SOURCE MATERIAL:

──────────────────────────────

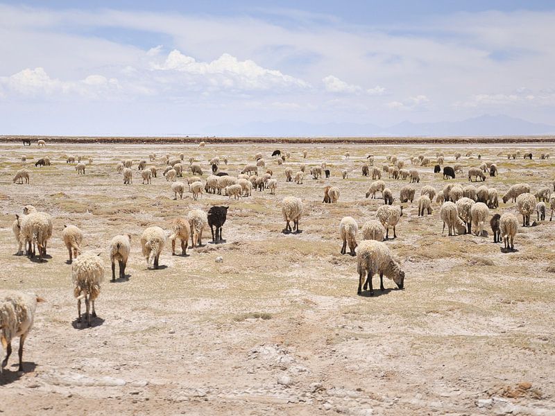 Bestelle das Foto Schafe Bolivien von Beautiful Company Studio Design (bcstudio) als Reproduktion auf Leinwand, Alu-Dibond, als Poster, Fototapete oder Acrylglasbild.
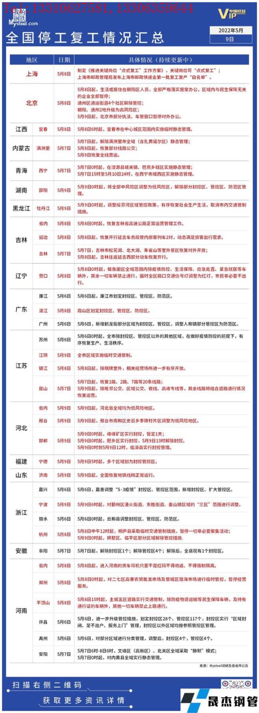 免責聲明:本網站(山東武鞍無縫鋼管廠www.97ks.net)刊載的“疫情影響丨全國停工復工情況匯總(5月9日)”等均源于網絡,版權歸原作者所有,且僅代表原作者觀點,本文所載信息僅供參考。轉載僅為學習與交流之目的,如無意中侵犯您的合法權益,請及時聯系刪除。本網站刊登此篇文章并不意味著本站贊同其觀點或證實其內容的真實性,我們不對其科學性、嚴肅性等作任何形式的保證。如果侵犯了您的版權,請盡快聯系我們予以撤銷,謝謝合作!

──────────────────────────────

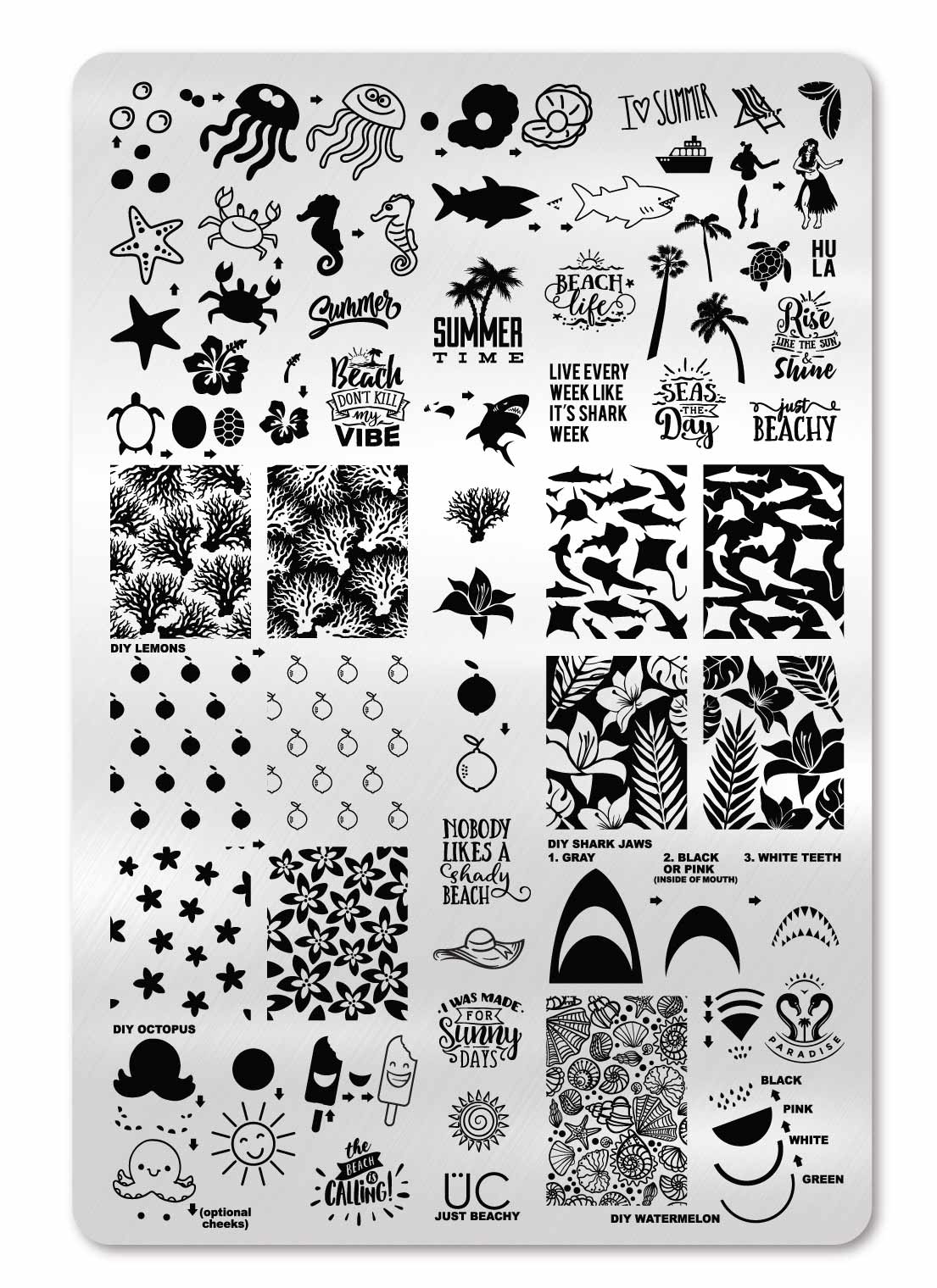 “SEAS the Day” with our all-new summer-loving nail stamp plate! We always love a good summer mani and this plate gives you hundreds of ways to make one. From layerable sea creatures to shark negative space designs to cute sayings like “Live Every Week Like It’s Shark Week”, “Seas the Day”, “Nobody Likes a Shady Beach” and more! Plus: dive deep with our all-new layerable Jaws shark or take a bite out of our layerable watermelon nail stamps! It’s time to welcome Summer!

──────────────────────────────

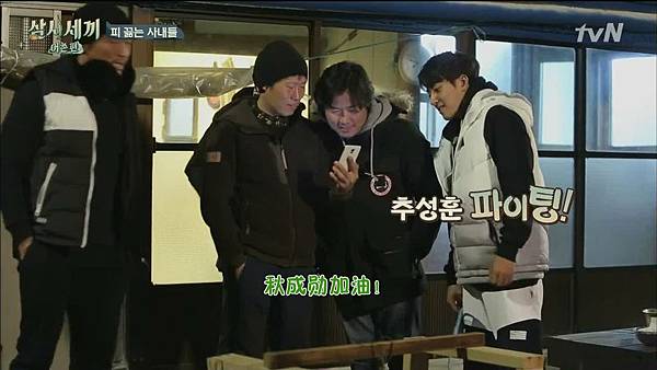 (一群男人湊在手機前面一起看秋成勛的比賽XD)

──────────────────────────────

WHAT IS NEEDED:
Write out word for word the lines above that run from the one with "Bestelle das Foto" to the one with "免責聲明:本網站(山東武鞍無". Include both end lines; exclude the images.

SOLUTION:
 Bestelle das Foto Schafe Bolivien von Beautiful Company Studio Design (bcstudio) als Reproduktion auf Leinwand, Alu-Dibond, als Poster, Fototapete oder Acrylglasbild.
 免責聲明:本網站(山東武鞍無縫鋼管廠www.97ks.net)刊載的“疫情影響丨全國停工復工情況匯總(5月9日)”等均源于網絡,版權歸原作者所有,且僅代表原作者觀點,本文所載信息僅供參考。轉載僅為學習與交流之目的,如無意中侵犯您的合法權益,請及時聯系刪除。本網站刊登此篇文章并不意味著本站贊同其觀點或證實其內容的真實性,我們不對其科學性、嚴肅性等作任何形式的保證。如果侵犯了您的版權,請盡快聯系我們予以撤銷,謝謝合作!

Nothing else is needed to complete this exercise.